In July 2017, Acting Deputy Director of the National Park Service Robert Vogel testified before the Senate Energy and Natural Resources Subcommittee on National Parks. Vogel stated that the Department of the Interior supported changing the name to Gateway Arch National Monument, rather than National Park, to maintain consistency with existing naming conventions. He likened the site to the Statue of Liberty National Monument, noting that existing national parks encompassed thousands of acres at minimum and that the memorial "is too small and limited in the range of resources the site protects and interprets to be called a national park".

The United States Congress approved the bill in early 2018. U.S. President Donald Trump signed the act into law on February 22, 2018, officially renaming the site Gateway Arch National Park.

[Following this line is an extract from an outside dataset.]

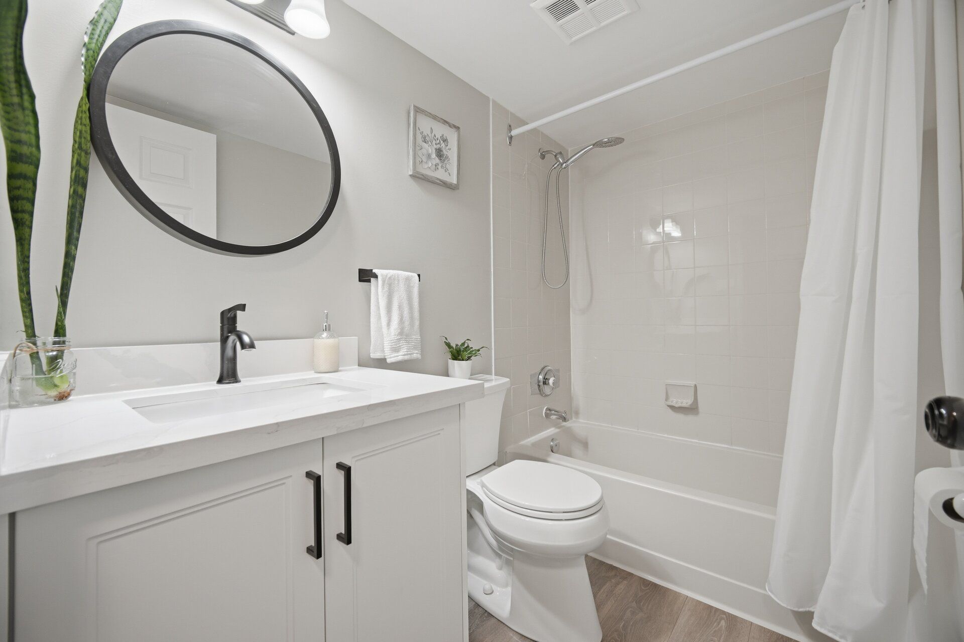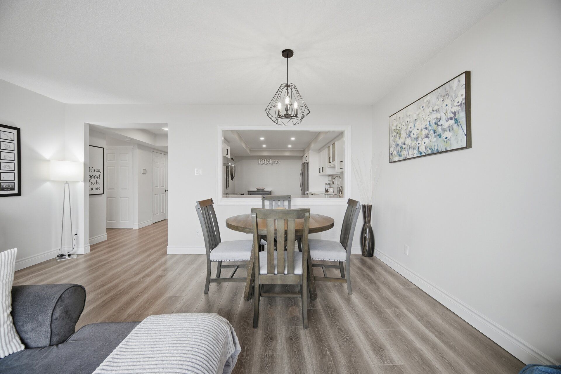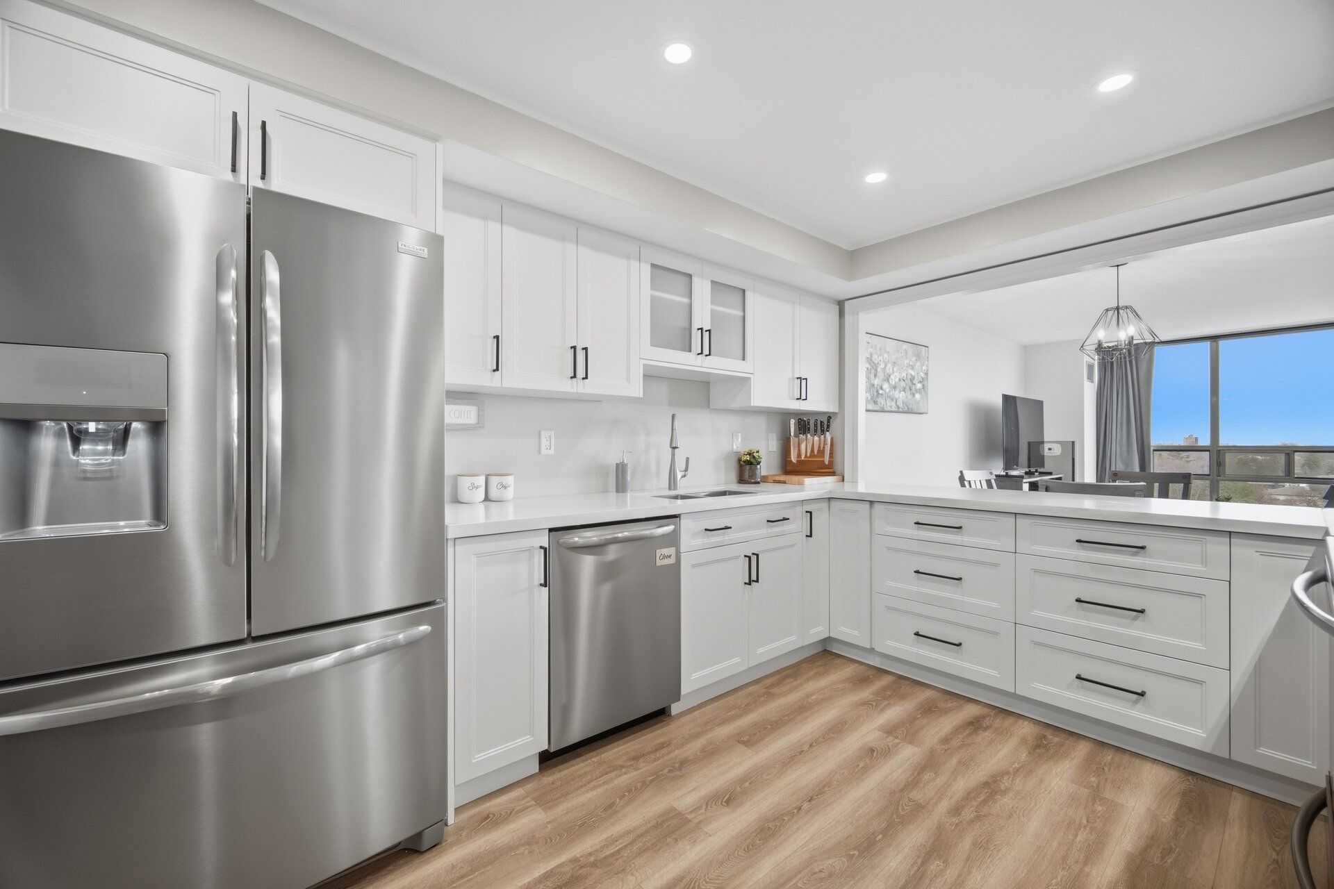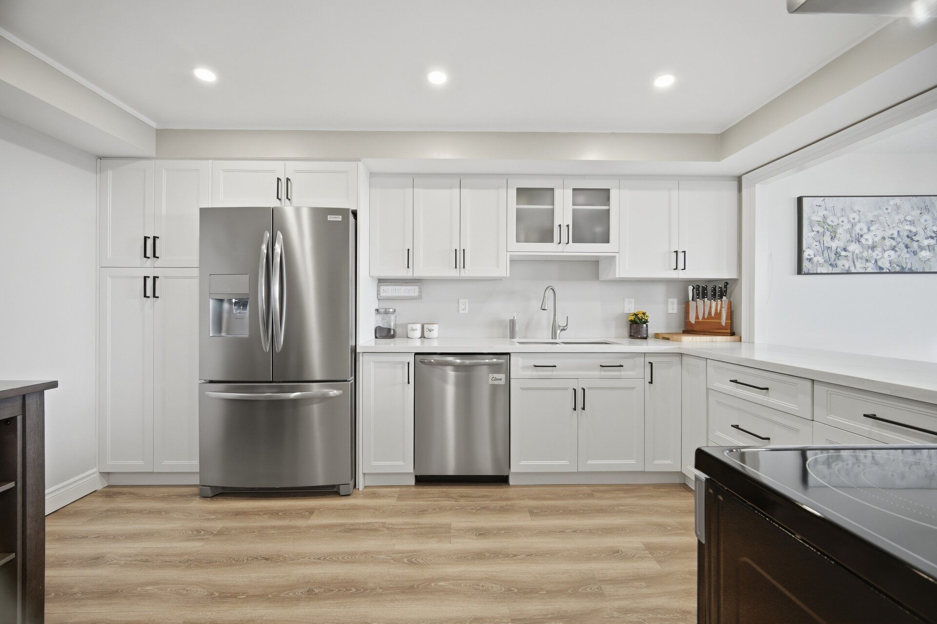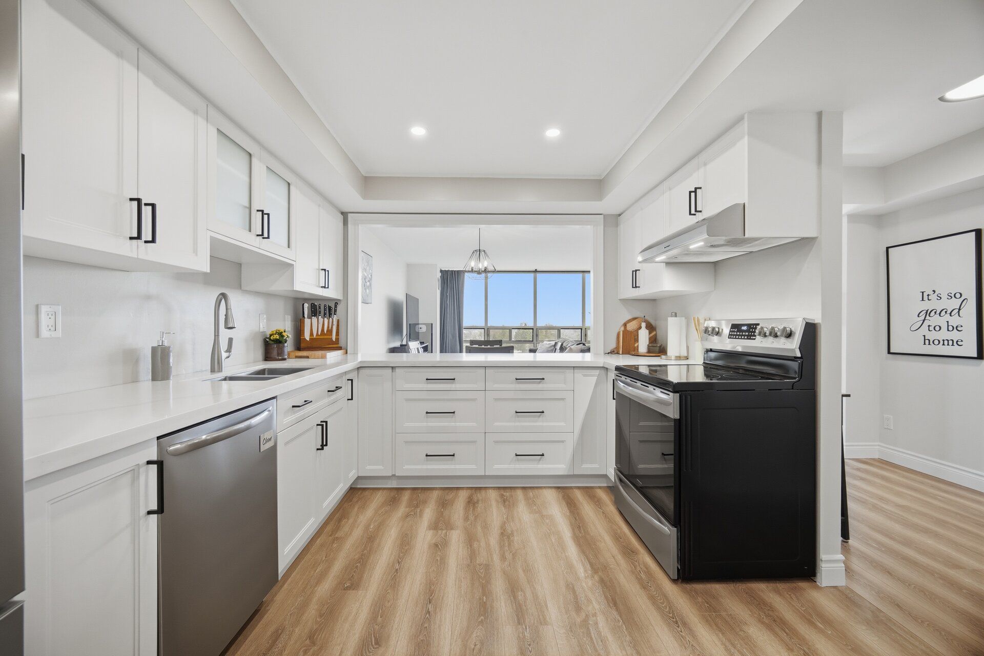 • Modern white kitchen with stylish finishes and upgraded vinyl flooring.

The new designation has been seen as an attempt to increase tourism in St. Louis. The name has been criticized as inappropriate by some visitors, given its small size and urban setting.

== Brickline Greenway ==
The Brickline Greenway, formerly the Chouteau Greenway Project, is a public-private partnership that aims to connect Forest Park and the Washington University in St. Louis Danforth Campus to Gateway Arch National Park. Among the partners leading this project are the Arch to Park Collaborative, St. Louis City, and Washington University in St. Louis.